On Inktomi's anti-spam policies
On Internet searching and search engine optimizationPandiaFind it all!
PANDIA
spacerspacer spacer
PANDIA SEARCH WORLD NEWS ARCHIVE

The ambiguous Inktomi anti-spam policy

September 14 2001, updated the same day.

Inktomi logoPandia takes a look at the Inktomi search engine's fight against spam, and its ambiguous attitude towards cloaking. Is the relationship between Inktomi and search engine optimization companies like MediaDNA influencing search results?

Lovely spam

As our regular readers will know, the search engines are increasingly fighting the existence of "spam". The world spam, which has been adopted from the wonderful Monthy Python sketch "Spam, spam, spam, spam, lovely spam, lovely spam" , signifies attempts by webmasters to trick the search engines into giving a webpage an "undeserved" high ranking in search results.

What amounts to cheating is a matter of debate. Among the traditional techniques rooted out by the search engines are repeating relevant search query terms a large number of times, and hiding keyword rich text by using font colors close to -- or identical with -- the background color of the webpage.

Cloaking

A more sophisticated technique is using a server program that keeps track of the IP numbers of the various search engine spiders (i.e. the search engine programs that travel the Web indexing pages).

This so-called "cloaking" software feeds the search engine spider pages that are different from the ones presented to regular human visitors. By doing this you can give the search engines pages that are full of keyword rich text, and that lack all the tables, frames, plug-ins and lay out restrictions that often weakens a regular webpage 's position in the results.

Some webmasters use this technique to lure searchers to pages that are of no relevance to their need (especially p.o.r.n. sites); others claim that the technique is legitimate as long as you serve the human searchers pages that are relevant to the topic they are looking for.

Inktomi and spam

The Inktomi search engine -- which feeds data to search sites like HotBot, AOL and MSN -- defines spam "an inappropriate use of Inktomi's search engine involving any effort to deceive the search engine into returning a result that is unrelated to the query or whose position has been artificially inflated in the result set."

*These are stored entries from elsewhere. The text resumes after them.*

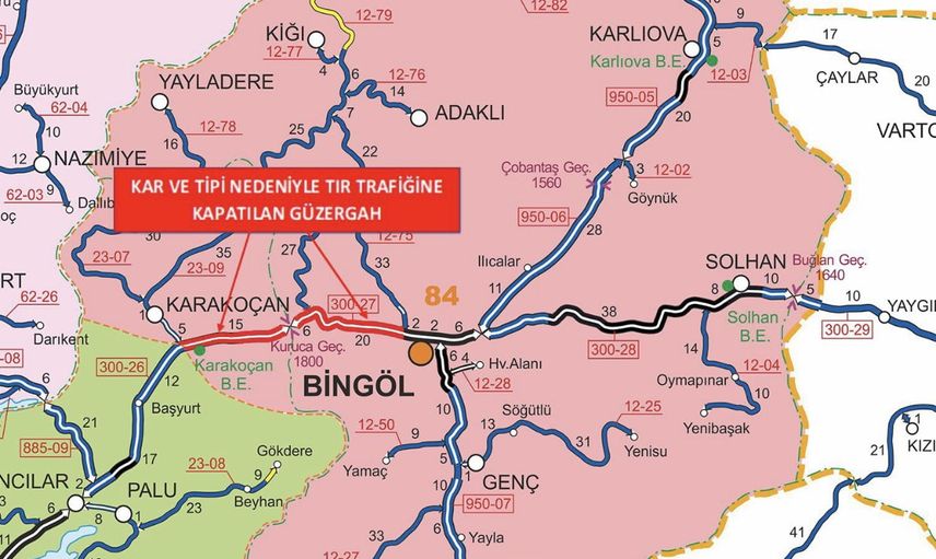 Valilikten yapılan açıklamada, "Bingöl-Elazığ Devlet Yolunun 0-51 km’leri arası (Bingöl Sancak kavşağı ile Karakoçan ayrım kavşağı arası) yoğun kar yağışı ve tipi nedeniyle saat 18.30 itibarıyla tır trafiğine kapatılmıştır" denildi.
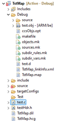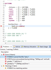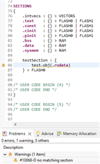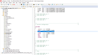 /* test.c file*/ #pragma SET_DATA_SECTION("test_section") uint8 testData; const uint8 testConstData; #pragma SET_DATA_SECTION() /* END test.c file*/ /*sys_link.cmd file */ MEMORY { RAM (RW) : origin=0x08002000 length=0x0003C000 } SECTIONS { test_section : START( StartAdrTestSection ) {} > RAM palign( 0x20 ) } /*End sys_link.cmd file */
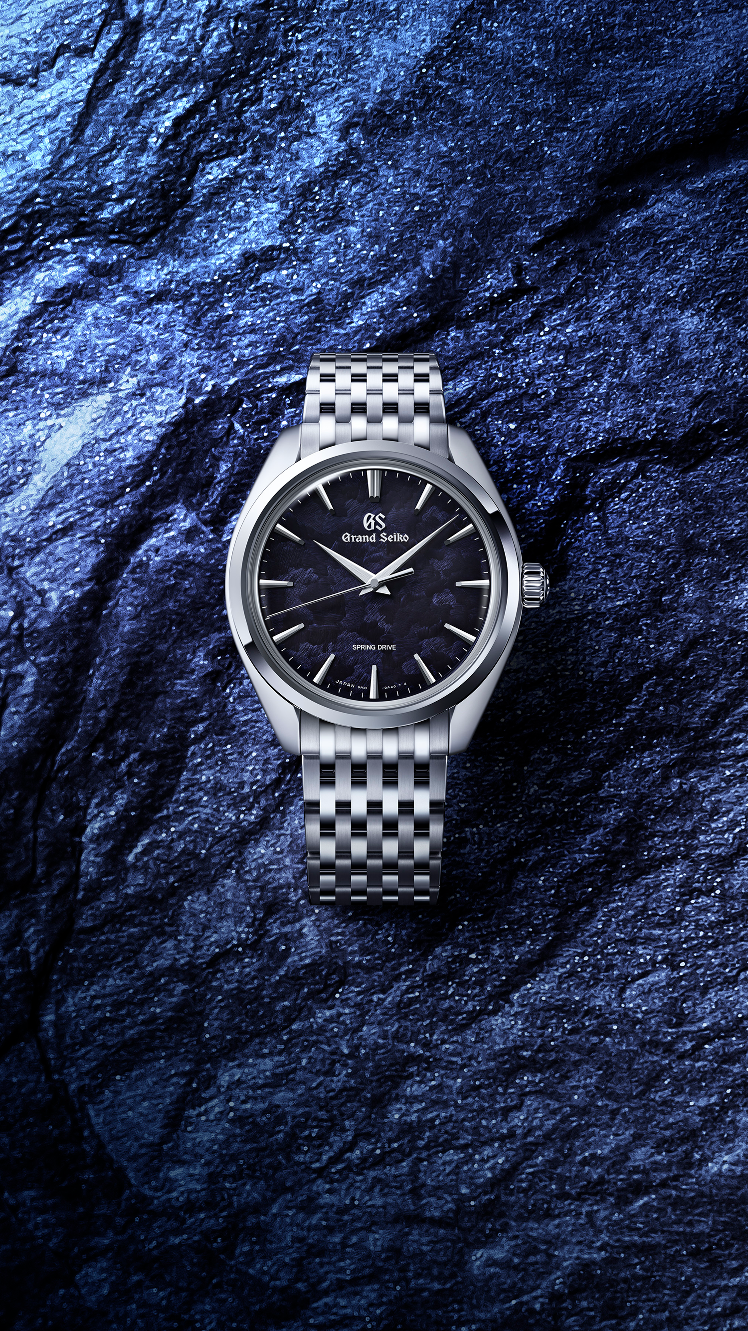 此款腕錶的錶盤結合兩項獨特元素:最深沉的藍靛色調 katsuiro,源自日本靛藍染色技術的發展成果,以及名為 Iwao 的充滿動感圖紋。錶鍊由一系列精緻、圓潤的鏈節構成,完美貼合錶殼纖薄柔和的弧度,隨著手腕律動而流轉,綻放低調光澤。為此腕錶提供動力的是 Spring Drive 9R31 型機芯,採用 Dual Spring Barrel 雙發條盒設計,在完全上鍊時可提供 72 小時動力儲存。透過透明底蓋可清晰欣賞其精緻打磨工藝,以及動力儲存顯示。

Inktomi says that "Some examples, but not all, of the more common techniques spammers employ to inappropriately use the search engine include:

  1. Embedding deceptive text in the body of web documents.
  2. Creating metadata that does not accurately describe the content of web documents.
  3. Fabricating URLs that redirect to other URLs for no legitimate purpose.
  4. Web documents with intentionally misleading links
  5. Cloaking/doorway pages that feed Inktomi crawlers content that is not reflective of the actual page
  6. Creating inbound links for the sole purpose of boosting the popularity score of the URL
  7. The misuse of third party affiliate or referral programs "
(See Inktomi spam removal guidelines)

Inktomi on cloaking

Note that Inktomi only forbids cloaking that is not reflective of the actual page. Here it differs from Google and AltaVista, which forbids cloaking in any form, possibly because the spider is in no position to determine the content of the "real", cloaked, page.

A lot of search engine optimization (SEO) companies will avoid cloaking because of the risk involved. If the search engine discovers the trick (and there are ways to do so) the site may get banned. Moreover, the search engine may ban the sites of all the clients of the search engine optimization company. One can imagine what that will do to an SEO business!

Some of the larger SEO companies, however, use cloaking and doorway pages (i.e. pages targeting the search algorithms of the individual search engines) actively, mainly because it lets them deliver results fast and effectively. Presumably they trust their own competences in this field, and find the risk worth taking. Whether their clients truly understand what they are doing, is another matter.

MediaDNA

One company that uses cloaking is the MediaDNA company in LaJolla, USA. It never uses a tainted word like cloaking of course. On its website it says that...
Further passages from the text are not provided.